*** Data provided Section Begins ***
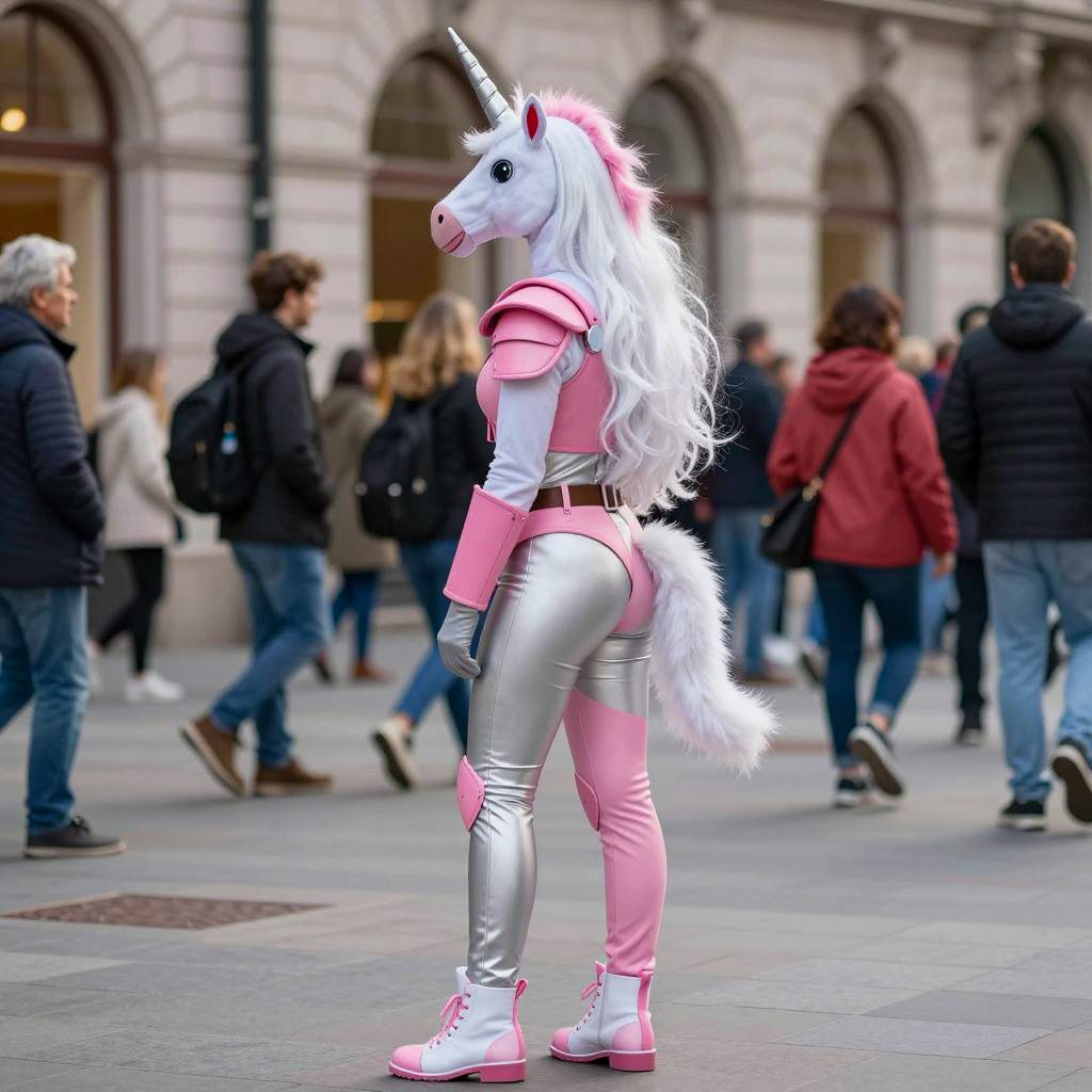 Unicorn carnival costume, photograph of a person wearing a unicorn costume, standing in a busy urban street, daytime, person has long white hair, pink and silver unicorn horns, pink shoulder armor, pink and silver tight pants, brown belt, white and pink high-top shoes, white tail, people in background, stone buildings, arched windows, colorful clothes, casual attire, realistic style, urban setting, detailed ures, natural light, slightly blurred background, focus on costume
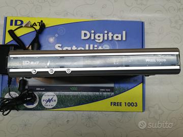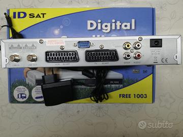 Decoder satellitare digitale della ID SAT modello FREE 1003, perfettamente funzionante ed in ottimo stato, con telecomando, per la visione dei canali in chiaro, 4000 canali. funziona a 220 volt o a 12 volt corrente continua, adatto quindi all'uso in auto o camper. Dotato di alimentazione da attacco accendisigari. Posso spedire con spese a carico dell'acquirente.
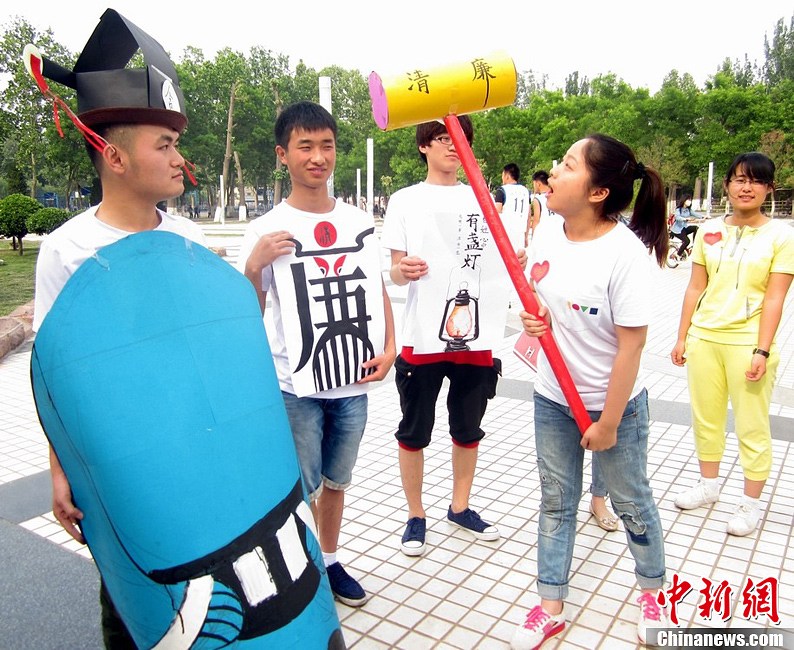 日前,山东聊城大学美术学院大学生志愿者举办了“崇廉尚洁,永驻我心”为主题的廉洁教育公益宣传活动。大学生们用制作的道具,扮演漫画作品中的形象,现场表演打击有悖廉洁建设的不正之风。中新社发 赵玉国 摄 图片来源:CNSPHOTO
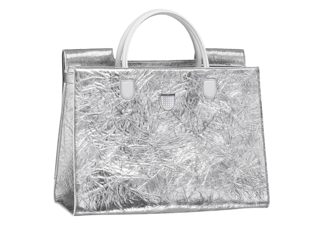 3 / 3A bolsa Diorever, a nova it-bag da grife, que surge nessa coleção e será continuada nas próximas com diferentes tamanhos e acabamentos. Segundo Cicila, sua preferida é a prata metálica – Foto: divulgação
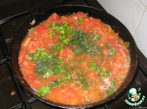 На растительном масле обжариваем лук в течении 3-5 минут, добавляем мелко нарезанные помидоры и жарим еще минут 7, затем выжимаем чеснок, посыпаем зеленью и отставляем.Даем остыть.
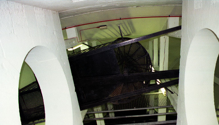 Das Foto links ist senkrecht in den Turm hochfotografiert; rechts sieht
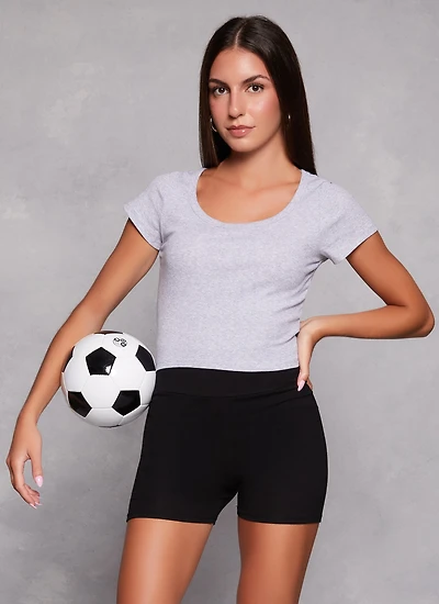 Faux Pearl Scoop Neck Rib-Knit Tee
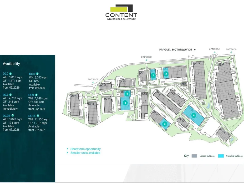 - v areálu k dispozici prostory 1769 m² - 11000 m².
*** Data provided Section Ends ***
- Exercise directions
Only the lines starting at the one that holds "Das Foto links" and ending at the last line of the data belong in your answer. Please set them down exactly and omit the pictures.

- Answer to the exercise
 Das Foto links ist senkrecht in den Turm hochfotografiert; rechts sieht
 Faux Pearl Scoop Neck Rib-Knit Tee
 - v areálu k dispozici prostory 1769 m² - 11000 m².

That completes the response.